- [Source information]
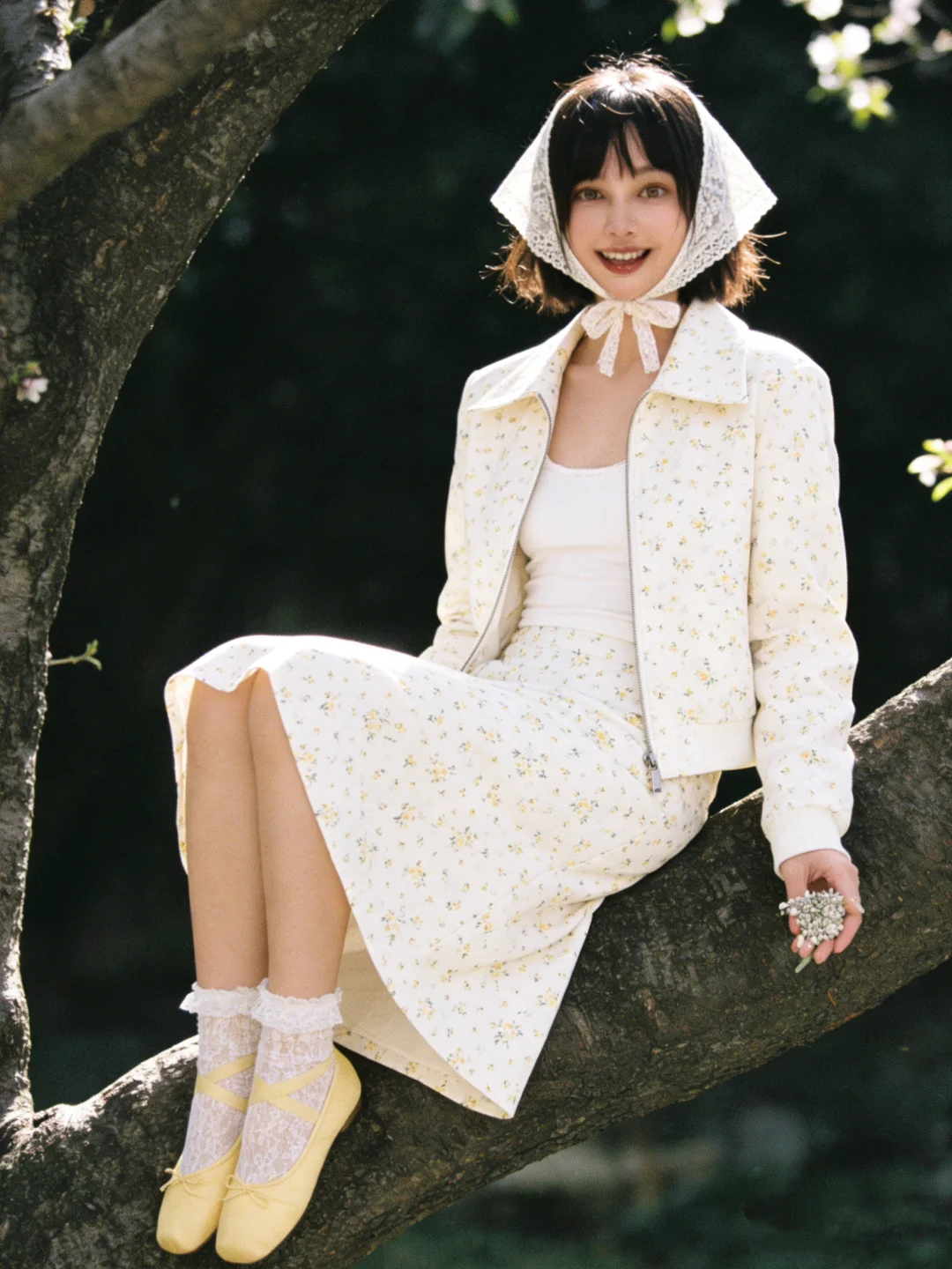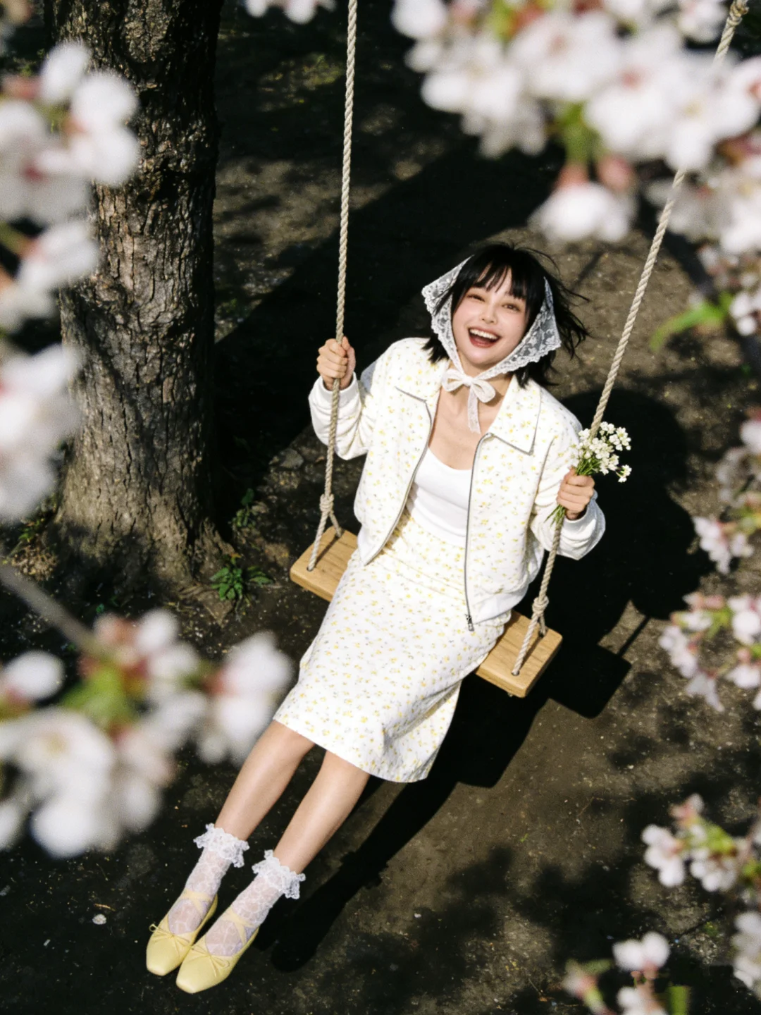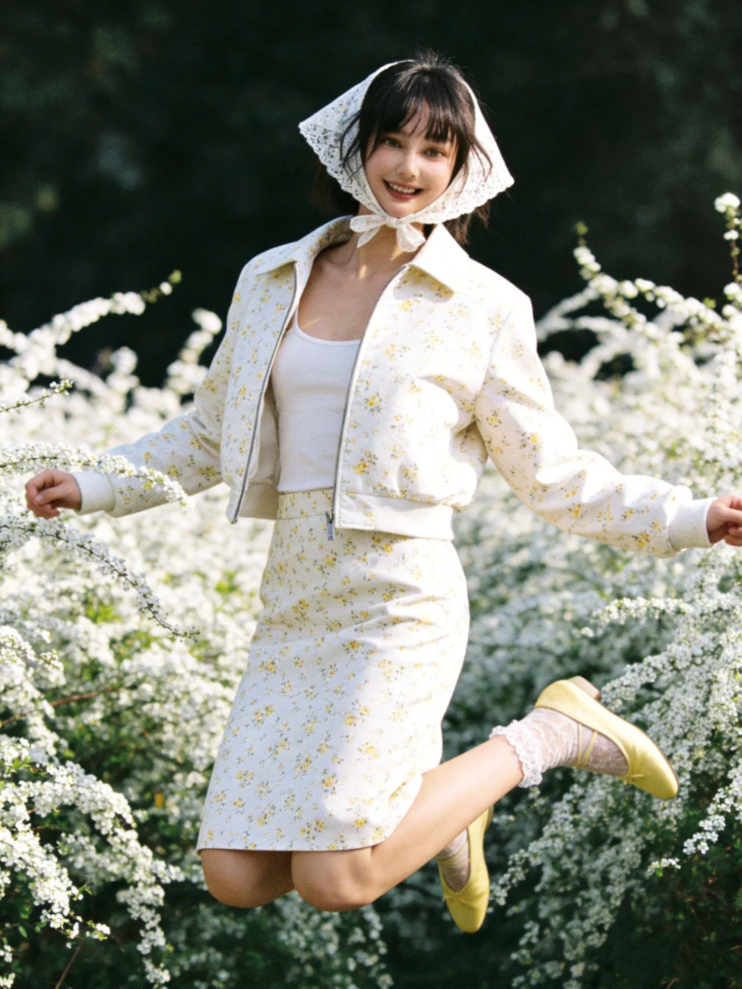雪柳是春天的雪~ 终于抓住了花开的尾巴 没想到新买的小碎花套装和雪柳这么搭~ 太有春天的氛围感了[色色R]
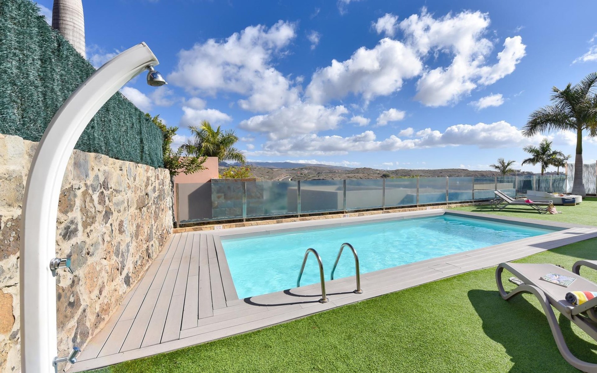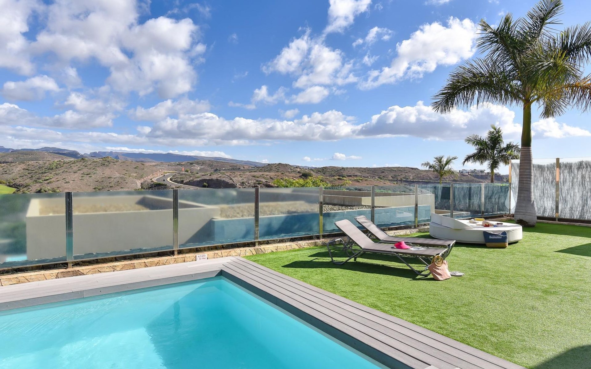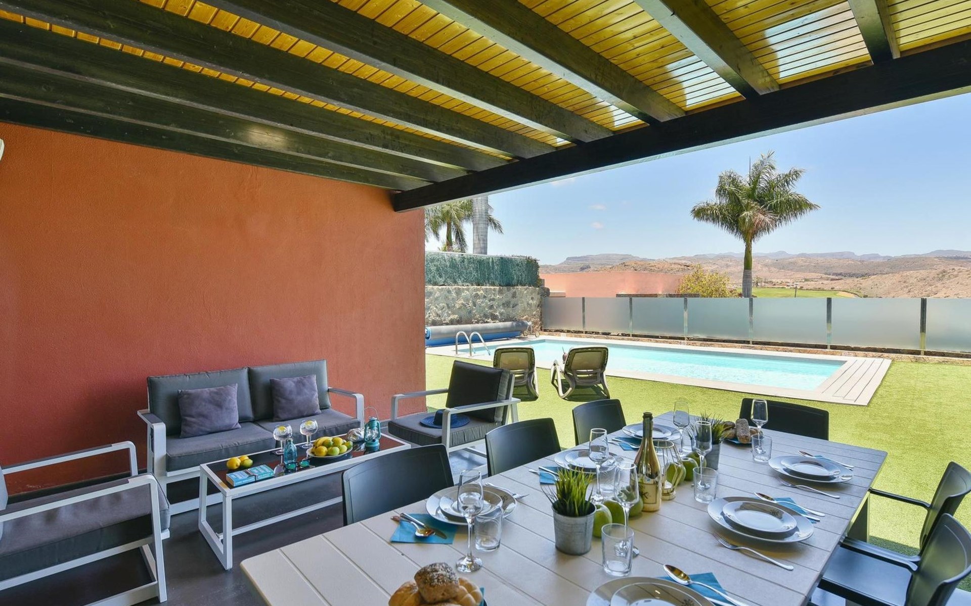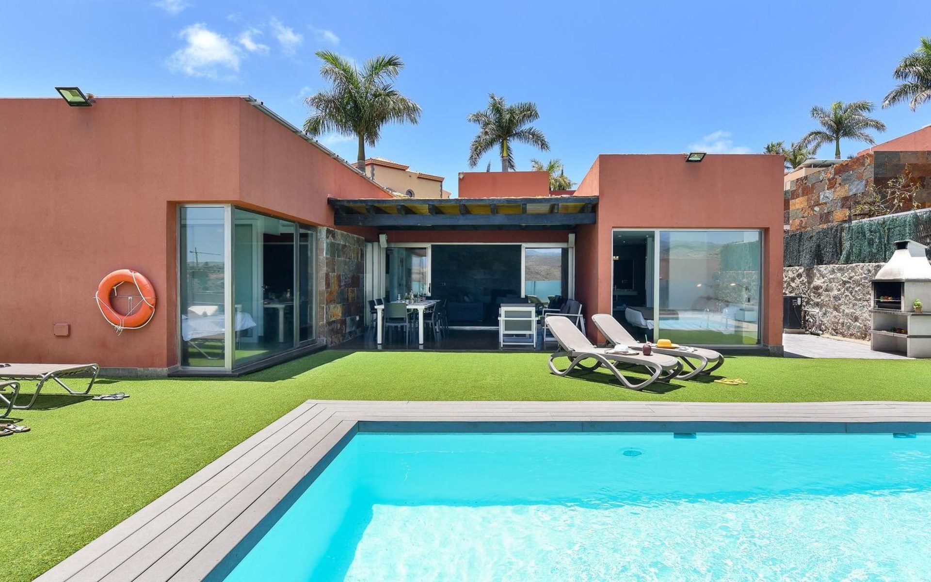 Moderne, komfortable Villa "Par4 Villa 20 con Piscina Privada", renoviert im Jahre 2014. El Salobre, am Ortsrand Maspalomas, ruhige, sonnige Lage, direkt am Meer. Zur Alleinbenutzung: Garten, Schwimmbad (8 x 4 m, 140 cm tief, saisonale Verfügbarkeit: 01.Jan. - 31.Dez.). Grill. Im Hause: Wireless LAN, Klimaanlage, Waschmaschine, Wäschetrockner. Einkaufsgeschäft 7 km, Restaurant 4 km, Bushaltestelle "Las Crucitas" 19 km, Sandstrand "7000". Golfplatz (18 Loch) 100 m. Bitte beachten: Fahrzeug empfohlen. Geeignet für Familien, geeignet für Senioren. Flugplatz 35 km vom Haus.
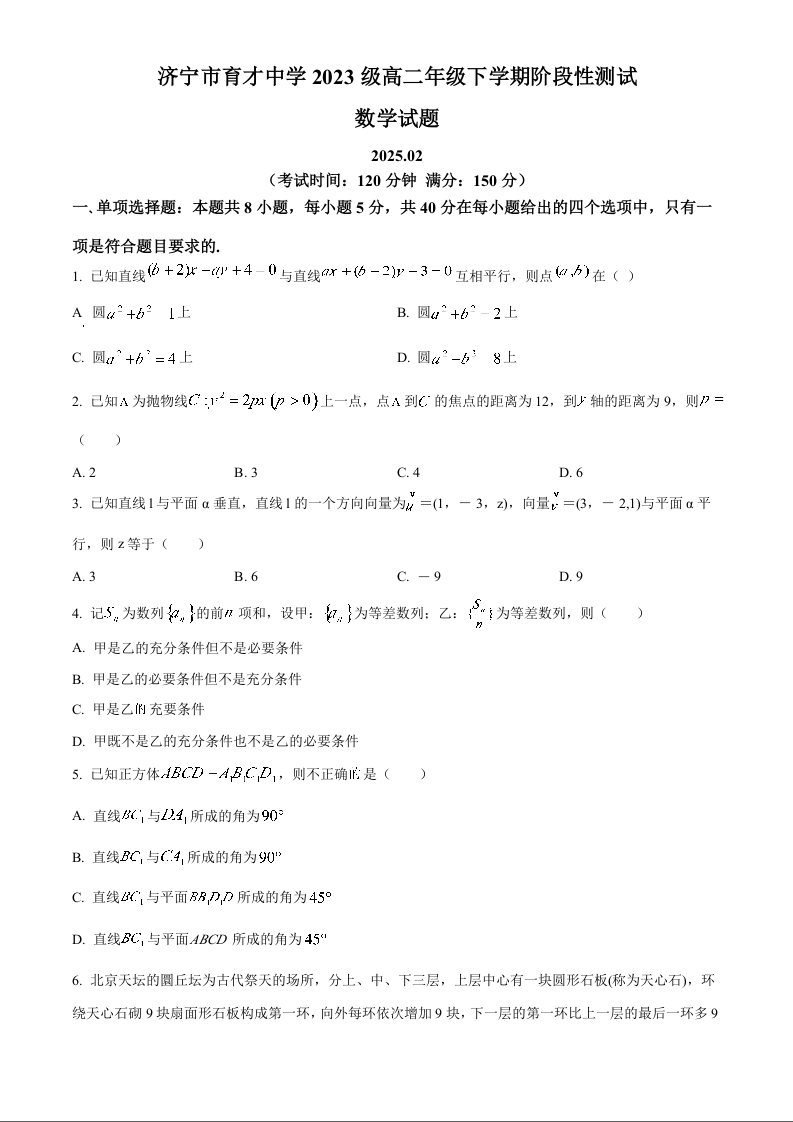 山东省济宁市育才中学2024-2025学年下学期高二开学考试数学(原卷版)
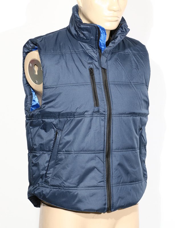 Μοντέρνο γιλέκο αδιάβροχο ,φουσκωτό και τρείς τσέπες με φερμουάρ. Έξτρα ύφασμα για καλύτερη κάλυψη λαιμού και επένδυση σε άλλο χρώμα.
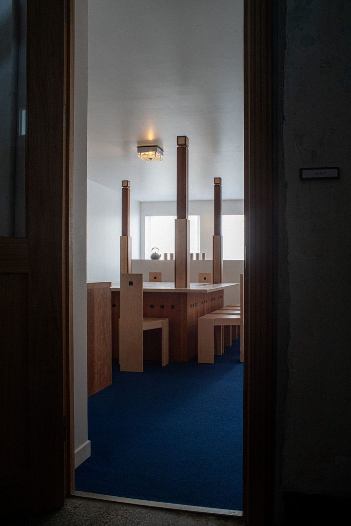 青いカーペットと、1920年代アール・デコに着想を得た直線的で幾何学的な木製インテリアが、静謐で象徴的な雰囲気を生み出しています。店内中央には大きな正方形のテーブルが一つだけ配され、ほどよい距離感のなかでそれぞれが自分の時間に向き合えます。1960〜70年代のヴィンテージ、「タンノイ」のスピーカー“チャットワース”と「マランツ」のアンプから流れる柔らかな音楽も、この空間の大きな魅力。
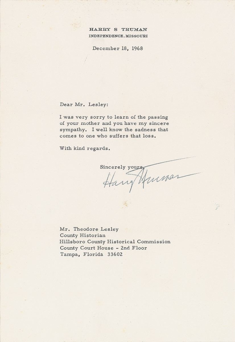 Two TLSs, each one page, 7.25 x 10.5, personal letterhead, dated 1968–1969. Both are to Theodore Lesley, historian of Hillsborough County, Florida. The first, in part: “I was very sorry to learn of the passing of your mother and you have my sincere sympathy. I well know the sadness that comes to one who suffers that loss.” The second, in part: “Thank you for…the book ‘To God Through Science’ by Father Patrick Yancey…the book will be given to the Truman Library to be made available for students who come here for reference and research.” In overall fine condition, with a couple of small light stains. Accompanied by the original mailing envelopes, both bearing pre-printed free franks.
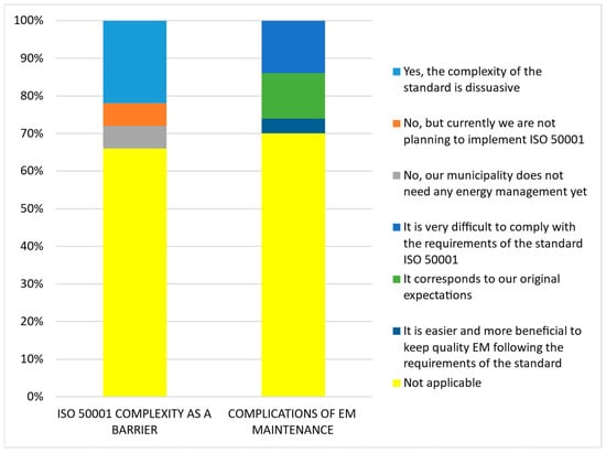 According to the replies to previous questions, only 4% of the respondents implemented the ISO 50001 standard and 22% of the respondents were just in the process of implementation. That means that most respondents did not have any direct experience with ISO 50001. Therefore, 66% of the respondents were not able to answer the question if the complexity of ISO 50001 is the barrier to implementation. A total of 22% of the respondents found the standard dissuasive due to its complexity. In total, 6% of the potential users did not want to implement energy management based on ISO 50001, regardless of its possible complexity. The remaining 6% of the municipalities did not address the issue of energy management whatsoever.
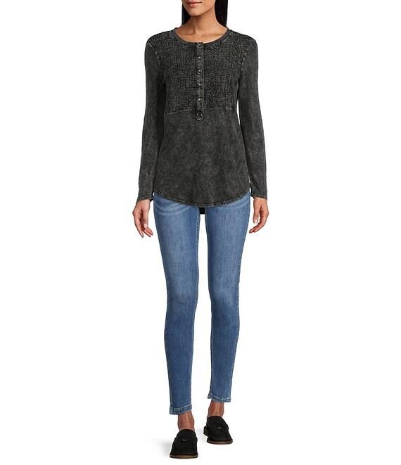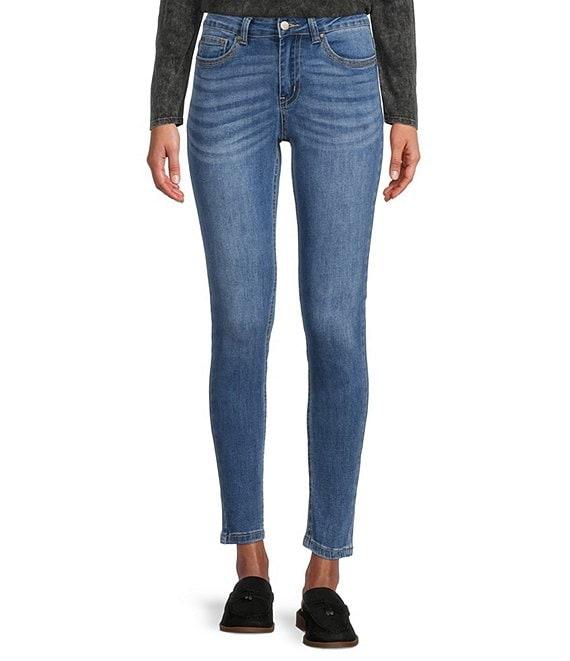From Reba, these jeans feature: Denim fabrication ankle skinny silhouette Belt loops on waistband 5 pocket styling Front fly zip and button closure Approx. 28" inseam Cotton/polyester/spandex Machine wash Imported.
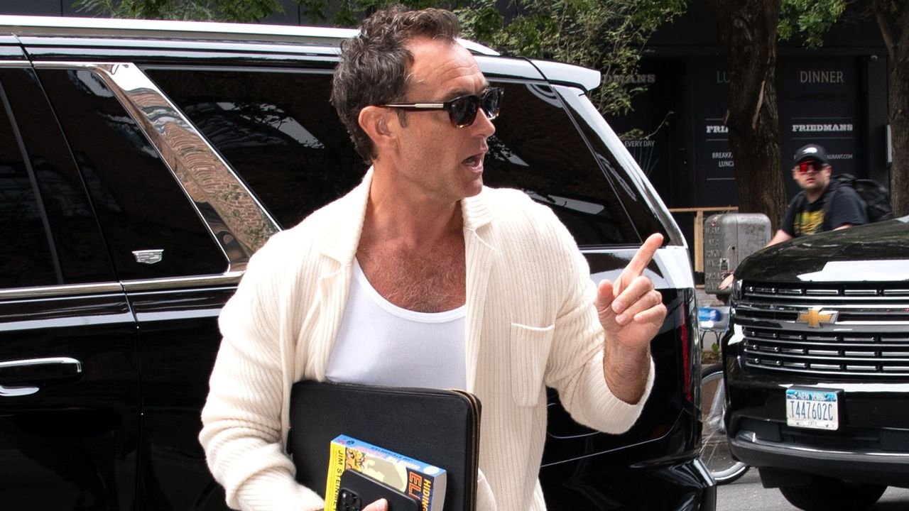 On Tuesday, Law was spotted outside his hotel in New York City dressed like he was about to board a yacht to sail somewhere beachy and tax-free. In his hand, he carried a laptop, a phone, and a paperback copy of Jim Steinmeyer’s Hiding The Elephant; on his person, he swathed himself in soft clothing in shades of white and cream.

- [Action item]
Output the records above as they stand, from the first line to the line with "青いカーペットと、1920年", inclusive, and exclude the pictures.

- [The answer]
雪柳是春天的雪~ 终于抓住了花开的尾巴 没想到新买的小碎花套装和雪柳这么搭~ 太有春天的氛围感了[色色R]
 Moderne, komfortable Villa "Par4 Villa 20 con Piscina Privada", renoviert im Jahre 2014. El Salobre, am Ortsrand Maspalomas, ruhige, sonnige Lage, direkt am Meer. Zur Alleinbenutzung: Garten, Schwimmbad (8 x 4 m, 140 cm tief, saisonale Verfügbarkeit: 01.Jan. - 31.Dez.). Grill. Im Hause: Wireless LAN, Klimaanlage, Waschmaschine, Wäschetrockner. Einkaufsgeschäft 7 km, Restaurant 4 km, Bushaltestelle "Las Crucitas" 19 km, Sandstrand "7000". Golfplatz (18 Loch) 100 m. Bitte beachten: Fahrzeug empfohlen. Geeignet für Familien, geeignet für Senioren. Flugplatz 35 km vom Haus.
 山东省济宁市育才中学2024-2025学年下学期高二开学考试数学(原卷版)
 Μοντέρνο γιλέκο αδιάβροχο ,φουσκωτό και τρείς τσέπες με φερμουάρ. Έξτρα ύφασμα για καλύτερη κάλυψη λαιμού και επένδυση σε άλλο χρώμα.
 青いカーペットと、1920年代アール・デコに着想を得た直線的で幾何学的な木製インテリアが、静謐で象徴的な雰囲気を生み出しています。店内中央には大きな正方形のテーブルが一つだけ配され、ほどよい距離感のなかでそれぞれが自分の時間に向き合えます。1960〜70年代のヴィンテージ、「タンノイ」のスピーカー“チャットワース”と「マランツ」のアンプから流れる柔らかな音楽も、この空間の大きな魅力。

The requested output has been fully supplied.